> [Records for the task]
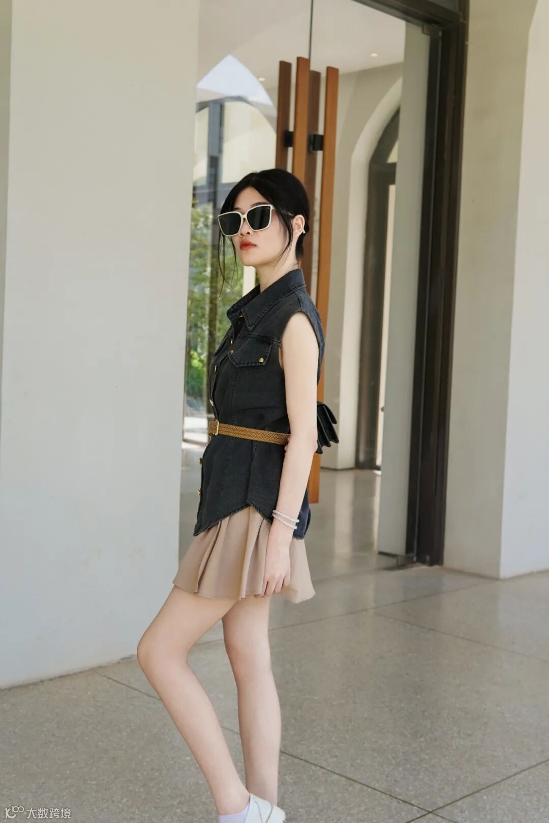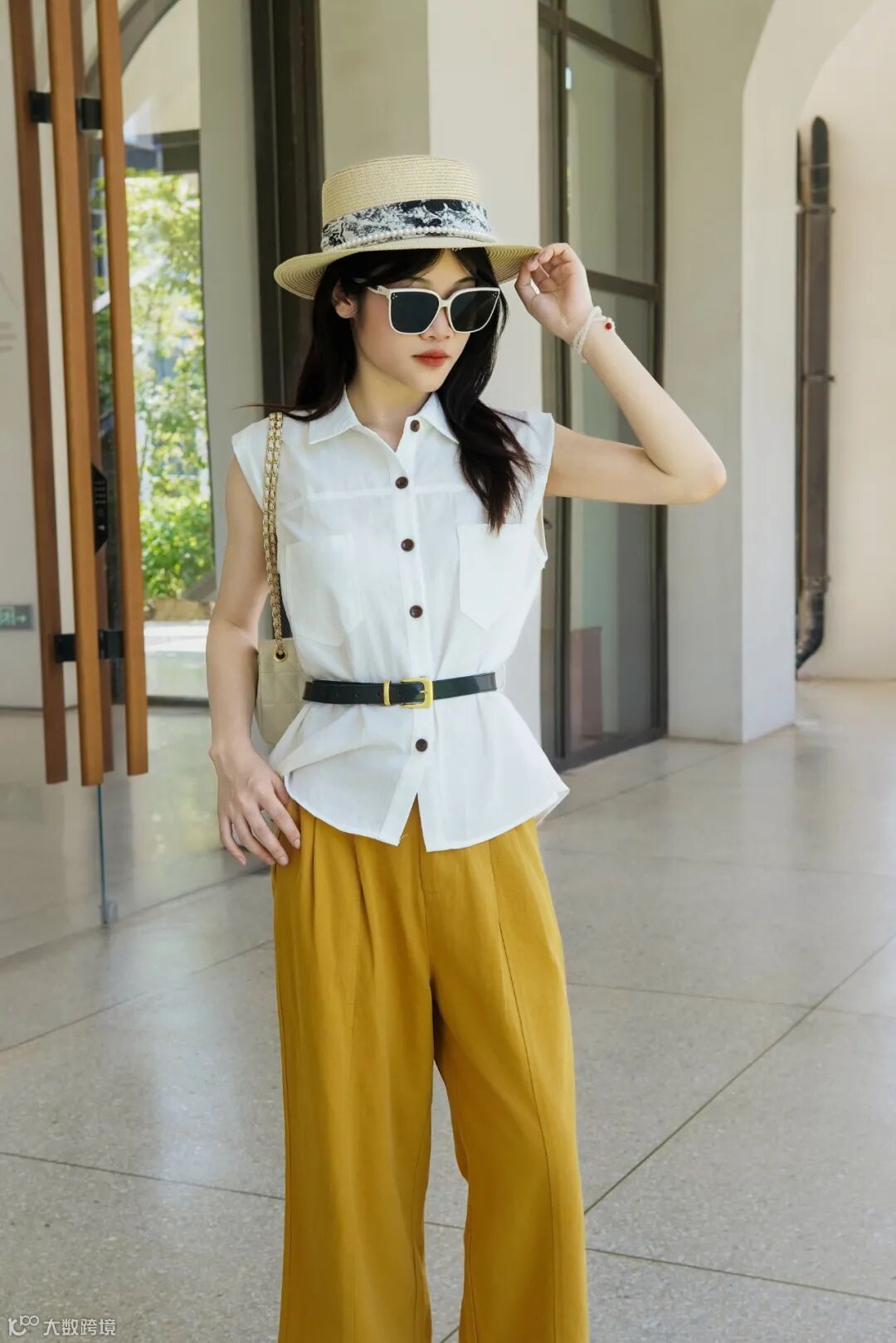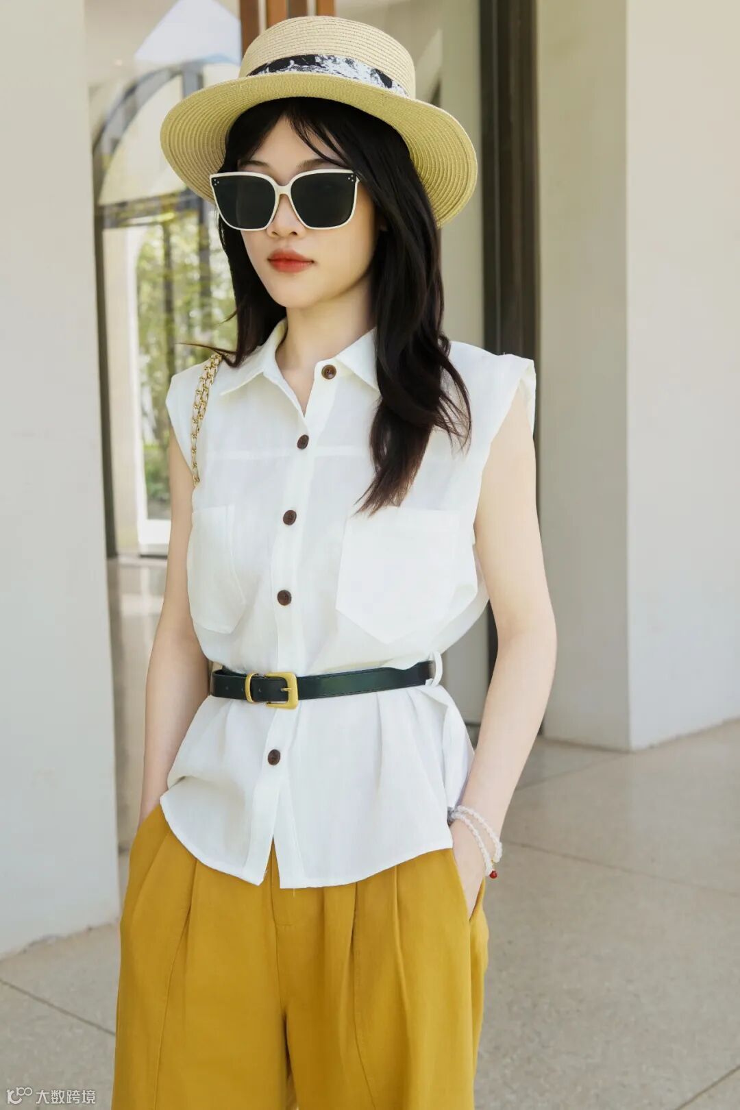 复古无袖衫搭皮带
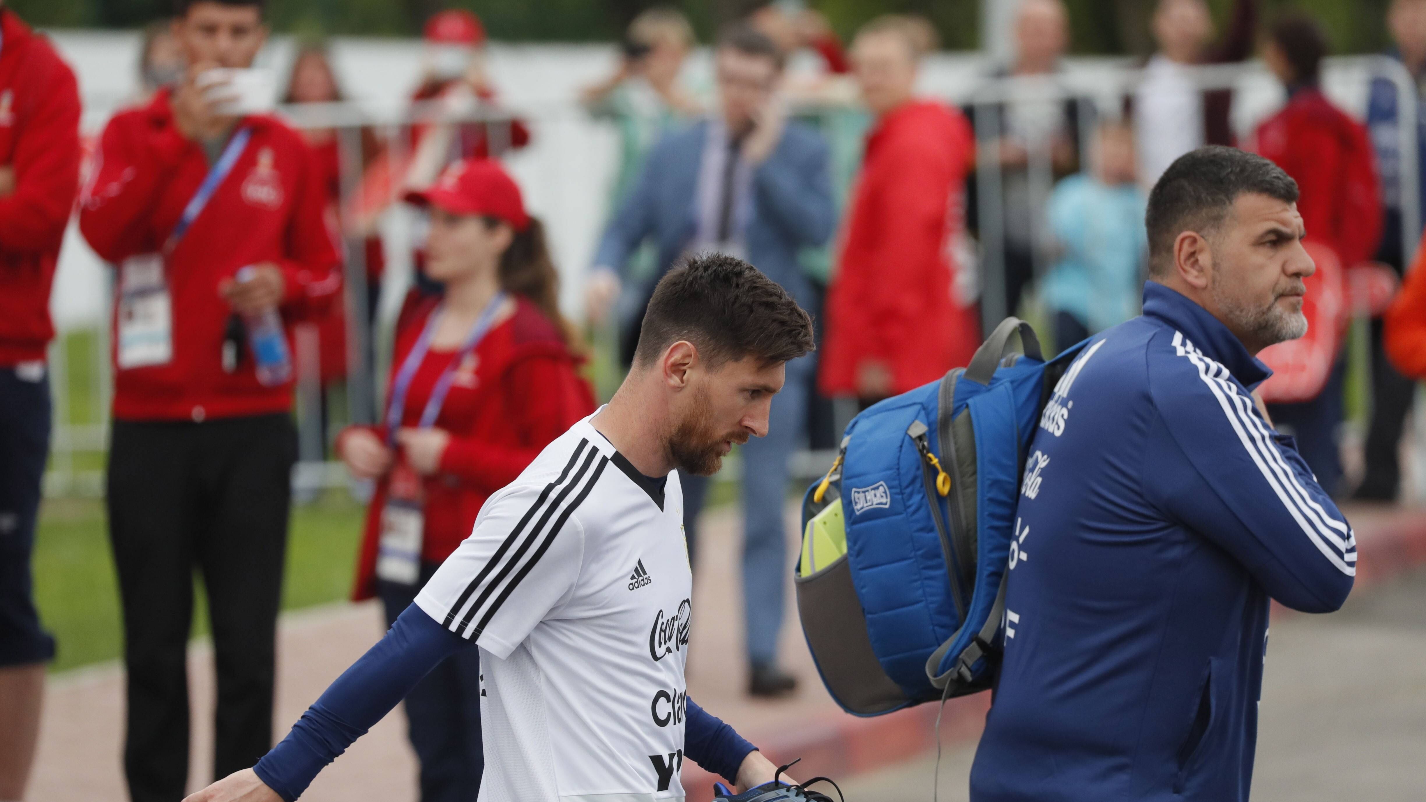 El argentino Leo Messi desató hoy la locura en el primer entrenamiento abierto al público de la Albiceleste desde su llegada a Rusia.
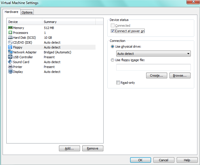Il se peut que ça ne suffise pas pour se débarrasser d’Easy Install, parce qu’il force le chargement du fichier dans le lecteur disquette ou alors il crée un second lecteur CD dans votre VM pour monter le fichier sous forme d’ISO dans la VM, dans ce cas :
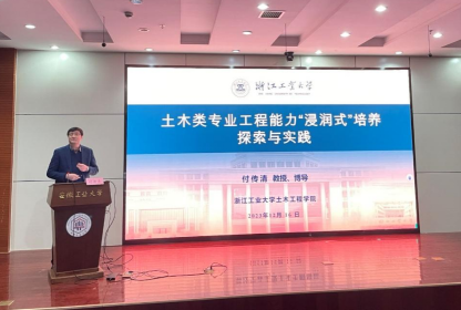 浙江省杰青、浙江省中青年学科带头人、浙江工业大学土木工程公司副经理付传清教授作了题为《土木类专业工程能力“浸润式”培养探索与实践》的报告,报告从地方高校土木类人才工程能力培养的角度,介绍公司在提升人才培养质量和实践能力方面的一些探索与实践。
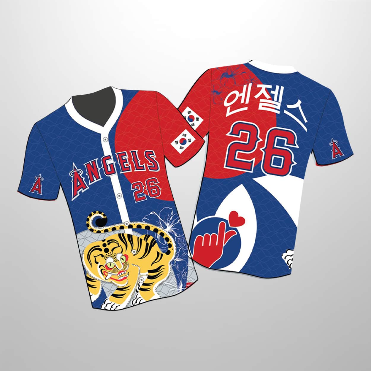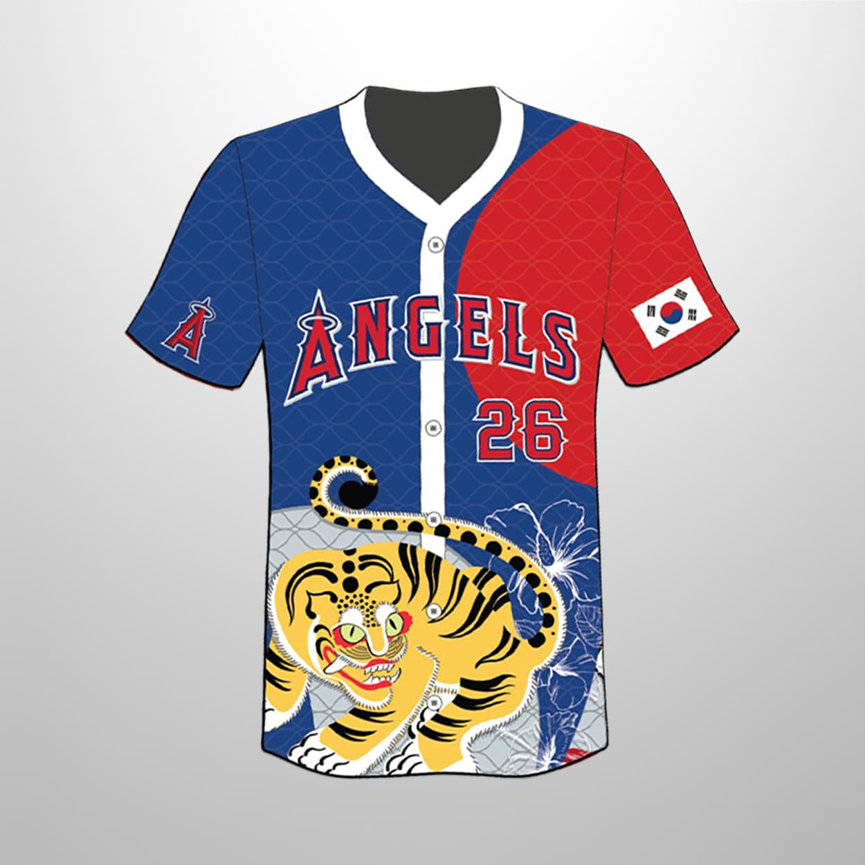 Get ready to turn heads at the ballpark with this jersey—a dazzling fusion of team spirit and Korean tradition. This jersey features a split red-and-blue front, boldly emblazoned with “ANGELS” and the number “26” in crisp white and blue outlines. A fierce, traditional Korean tiger prowls across the lower front, surrounded by elegant floral accents. On the sleeves, the South Korean flag and the Angels’ stylized “A” logo proudly represent unity and pride. Flip it around, and you’ll find “엔젤스” (Angels in Hangul) above the number 26, with a playful finger heart graphic and floating red heart that seals the look with charm.
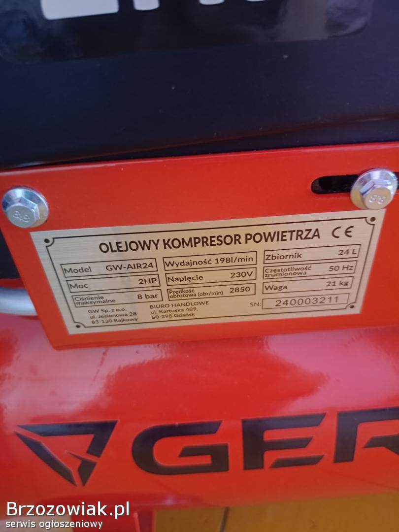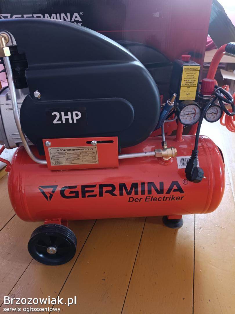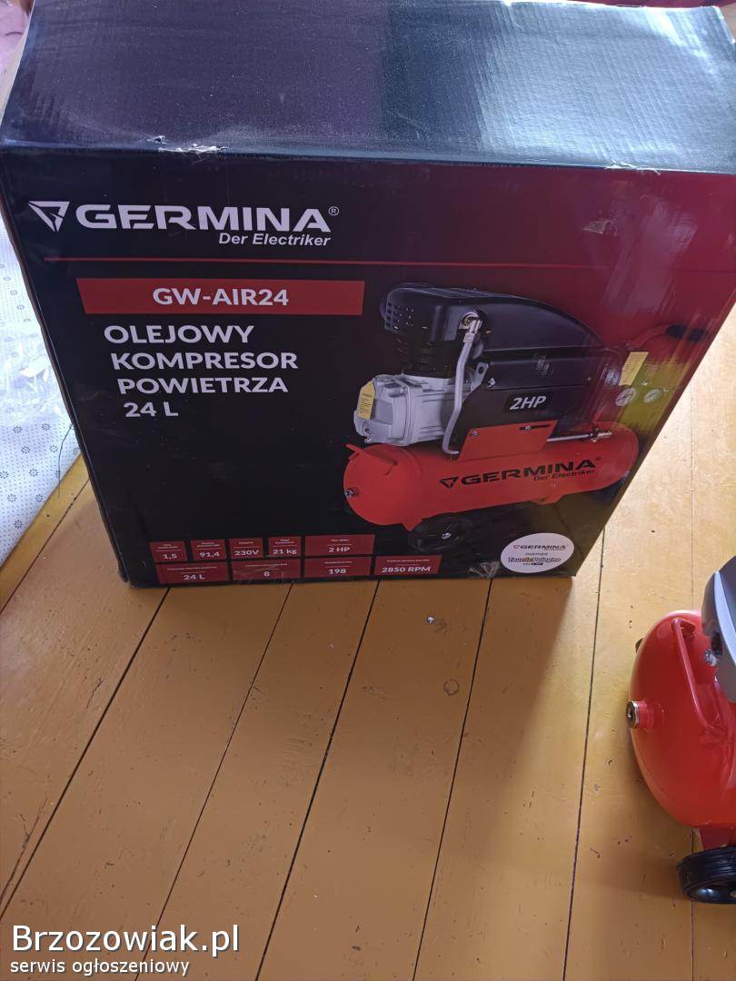 Nowy kompresor olejowy Germina 24 l z pistoletami i wężem firmy Dekster. Kompresor został rozpakowany i sprawdzony brak paragonu

> [Problem]
Reproduce exactly and only the lines from the "El argentino Leo" line to the last line of the records above. Do not carry over any pictures.

> [Problem solution]
 El argentino Leo Messi desató hoy la locura en el primer entrenamiento abierto al público de la Albiceleste desde su llegada a Rusia.
Il se peut que ça ne suffise pas pour se débarrasser d’Easy Install, parce qu’il force le chargement du fichier dans le lecteur disquette ou alors il crée un second lecteur CD dans votre VM pour monter le fichier sous forme d’ISO dans la VM, dans ce cas :
 浙江省杰青、浙江省中青年学科带头人、浙江工业大学土木工程公司副经理付传清教授作了题为《土木类专业工程能力“浸润式”培养探索与实践》的报告,报告从地方高校土木类人才工程能力培养的角度,介绍公司在提升人才培养质量和实践能力方面的一些探索与实践。
 Get ready to turn heads at the ballpark with this jersey—a dazzling fusion of team spirit and Korean tradition. This jersey features a split red-and-blue front, boldly emblazoned with “ANGELS” and the number “26” in crisp white and blue outlines. A fierce, traditional Korean tiger prowls across the lower front, surrounded by elegant floral accents. On the sleeves, the South Korean flag and the Angels’ stylized “A” logo proudly represent unity and pride. Flip it around, and you’ll find “엔젤스” (Angels in Hangul) above the number 26, with a playful finger heart graphic and floating red heart that seals the look with charm.
 Nowy kompresor olejowy Germina 24 l z pistoletami i wężem firmy Dekster. Kompresor został rozpakowany i sprawdzony brak paragonu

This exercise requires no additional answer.